I can't believe we're almost in November.
It's going to be time to put up the Christmas tree soon :)
This year has gone incredibly quick. But happily, it's been a year filled with a lot of platetrotting. So as it begins to wind down, I thought a series of posts on some of the highlights, strange sights and memorable bites would be a good way to pay tribute to 2013.
Starting off with my first trip for the year - St. Petersburg and my visit to the Russian Vodka Museum.
The Russian Vodka Museum held a lot of promise when I was in trip-planning mode. It was probably one of the first things that went down on my list of "Things to Do in St.P" (after the Hermitage and seeing snow fall out of the sky - both of which were also ticked off the list on that trip).
I was hoping this would be the place I'd actually learn something about vodka - considering that the most I knew about the drink could be summed up in three lines - it's made from grain or potatoes, it tastes best super-chilled and good vodka will leave you virtually hang-over free. (Oh, and the best vodka I ever drank was bought in Azerbaijan for 8 dirhams, so good vodka need not be expensive vodka.)
Sadly, my lesson in vodka making wasn't meant to be. The museum had just one bilingual guide and unfortunately said guide was busy delivering what sounded like a very informative lecture on vodka-making in Russian to another group during my visit.

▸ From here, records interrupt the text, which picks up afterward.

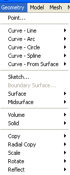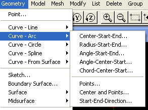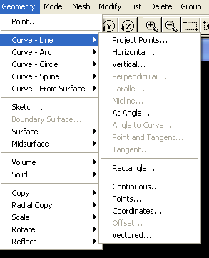 Для определения линий (Curve) в пункте меню Geometry имеется целых пять строчек. Причем каждая из них заканчивается черным треугольником-стрелочкой. Эта стрелочка говорит о том, что при выделении данной строки откроется еще одно подменю с различными возможностями.
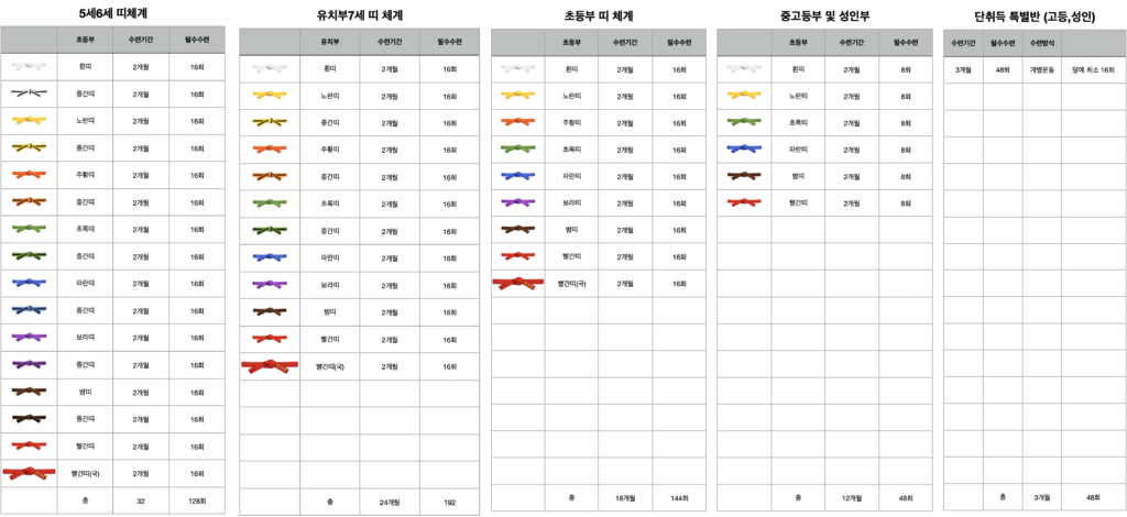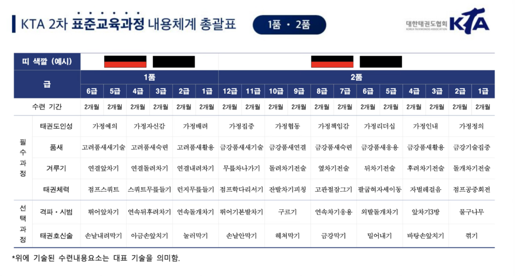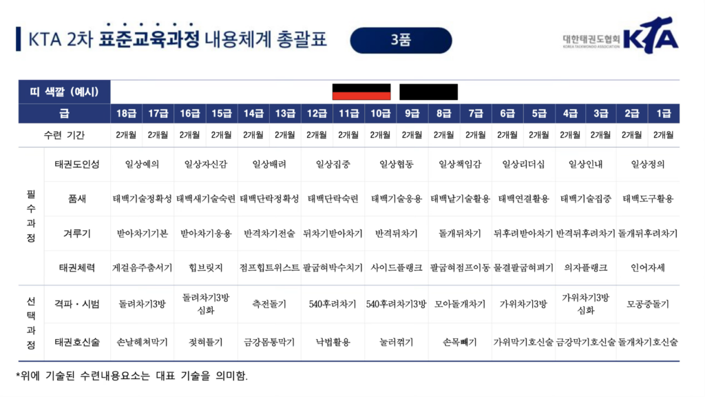 | 1주차 품새 과정 | 줄넘기프로그램 (Skipping Rope Training) : 순발력, 리듬감, 심폐지구력 향상 PAPS 프로그램 (Physical Activity Promotion System) : 국가 공인 체력 측정 기준을 반영한 성장 발달 관리 | 인성·가치교육 (Character & Values Education) 발달중심 신체 준비활동 (Developmental Physical Warm-Up) 품새역량수업 (Technical & Poomsae Training) 창의·협동 활동 (Creative & Cooperative Activities) | |||
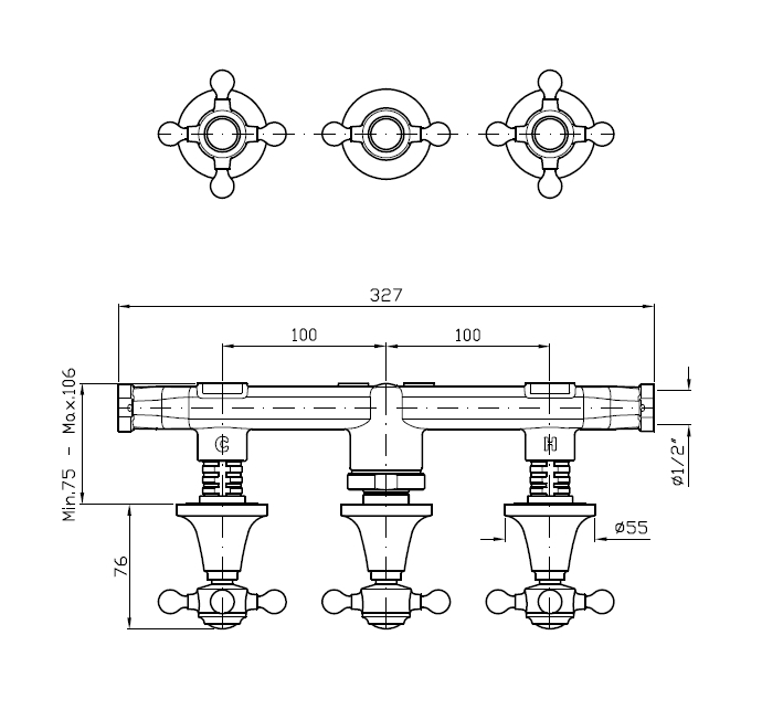 Opis produktu Zucchetti Agora Bateria wannowo-prysznicowa 3-otworowa chrom ZAG695.GEM

So I had to make do with wandering around admiring the raw ingredients used to make vodka (labelled in Russian), equipment used to make vodka (all explained in Russian), posters depicting rather young drinkers (see below) and a beautiful collection of intricately-made bottle stoppers.
The self-guided tour ended with a tasting of three kinds of vodka - a softly flavoured vanilla vodka, a clean-tasting platinum vodka and a very crisp gold vodka, accompanied by herrings, pumpernickel bread and pickles.
However, despite the rather disappointing non-tour, the museum had a sizeable collection of interesting vodka bottles, including bottles nestled in slightly kitsch matryoshka dolls, and - the exhibit that made my visit - a Kalashnikov filled with vodka. Now, you can't get more Russian than that!
If you plan on visiting the museum, do check out the adjoining restaurant, The Russian Vodka Room No 1. It had the best plate of herrings I've probably ever eaten.
And if you do fancy the tour, remember to book ahead. Unless you speak Russian!